**Assignment**
Could you transcribe all of the data exactly and skip any pictures?
[[ Source data open ]]
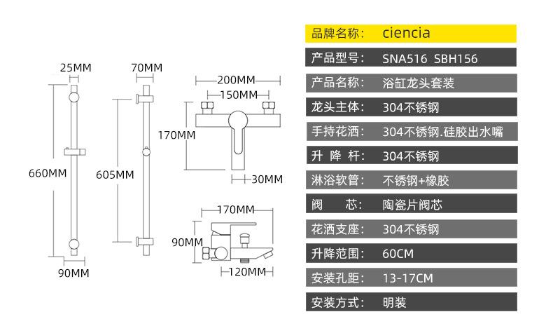 A bracket + shower + hose SBH156F, B single bracket SBH156
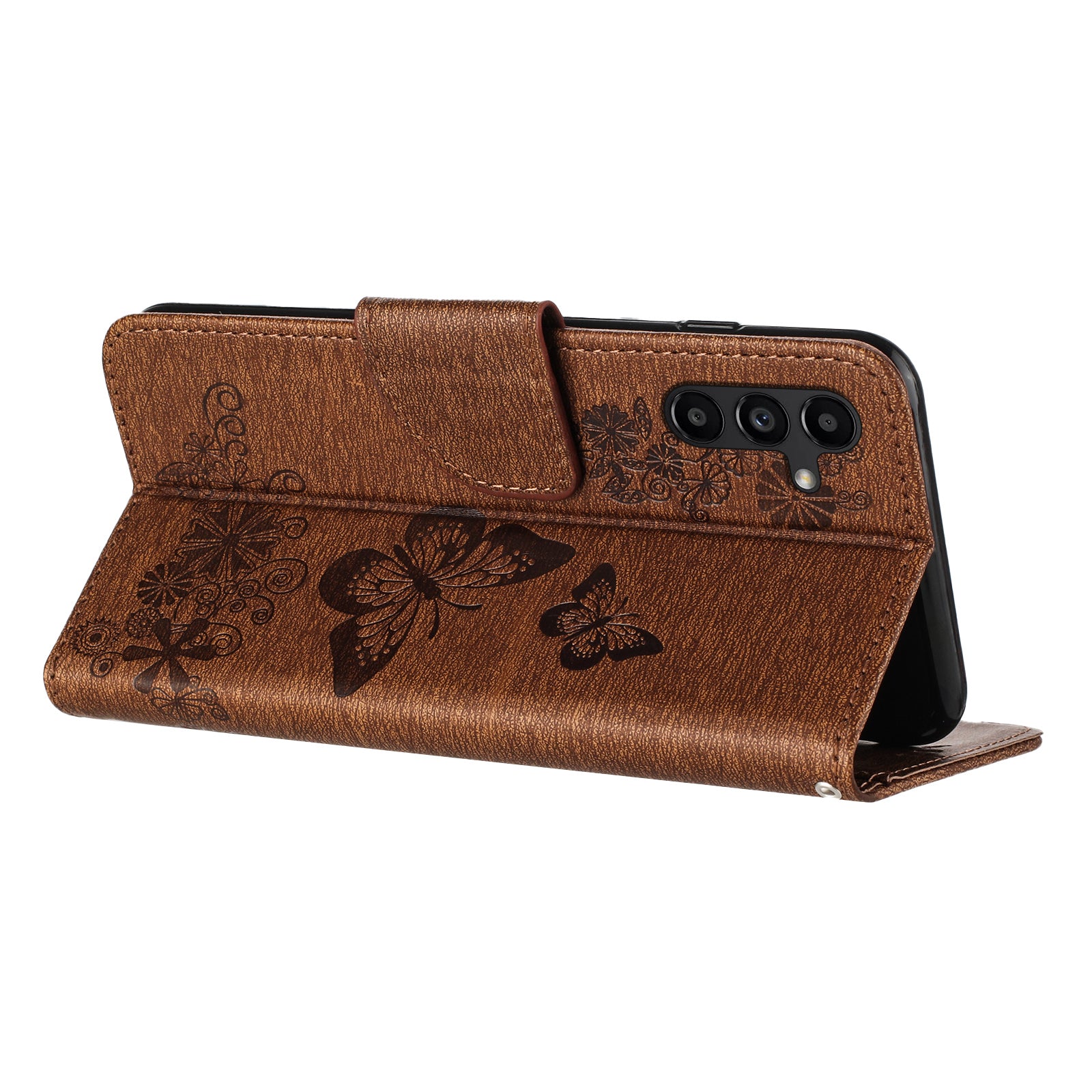 For Samsung Galaxy A16 5G / A16 4G Case Butterflies Flower Leather Wallet Flip Phone Cover - Brown
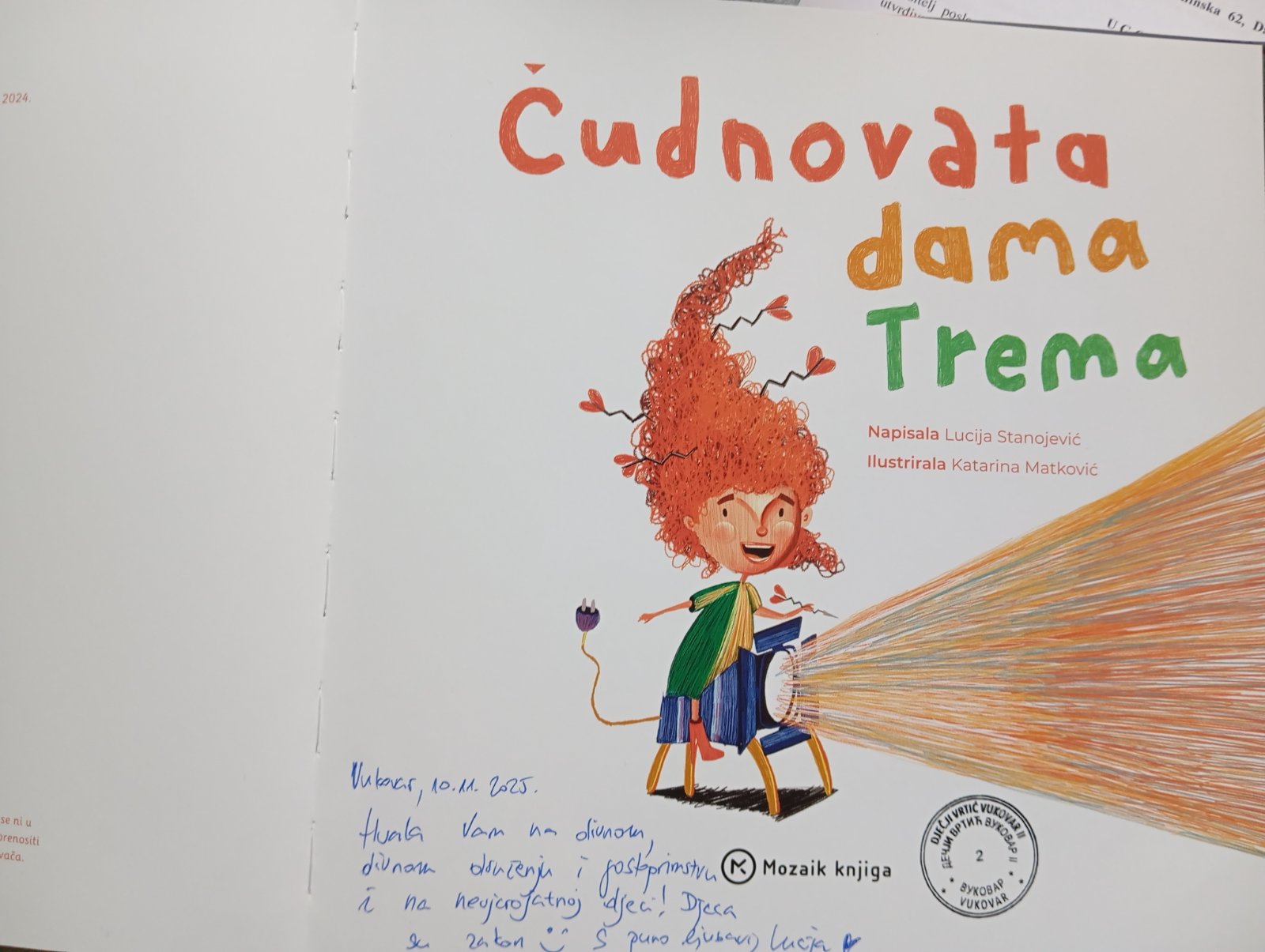 Такође, 2024. године, Луција је објавила сликовницу „Чудна госпођа Трема“ коју имамо у нашем вртићу, а данас нам је написала посвету и пожелела да се врати у наш вртић!
[[ Source data closed ]]
**Response**
 A bracket + shower + hose SBH156F, B single bracket SBH156
 For Samsung Galaxy A16 5G / A16 4G Case Butterflies Flower Leather Wallet Flip Phone Cover - Brown
 Такође, 2024. године, Луција је објавила сликовницу „Чудна госпођа Трема“ коју имамо у нашем вртићу, а данас нам је написала посвету и пожелела да се врати у наш вртић!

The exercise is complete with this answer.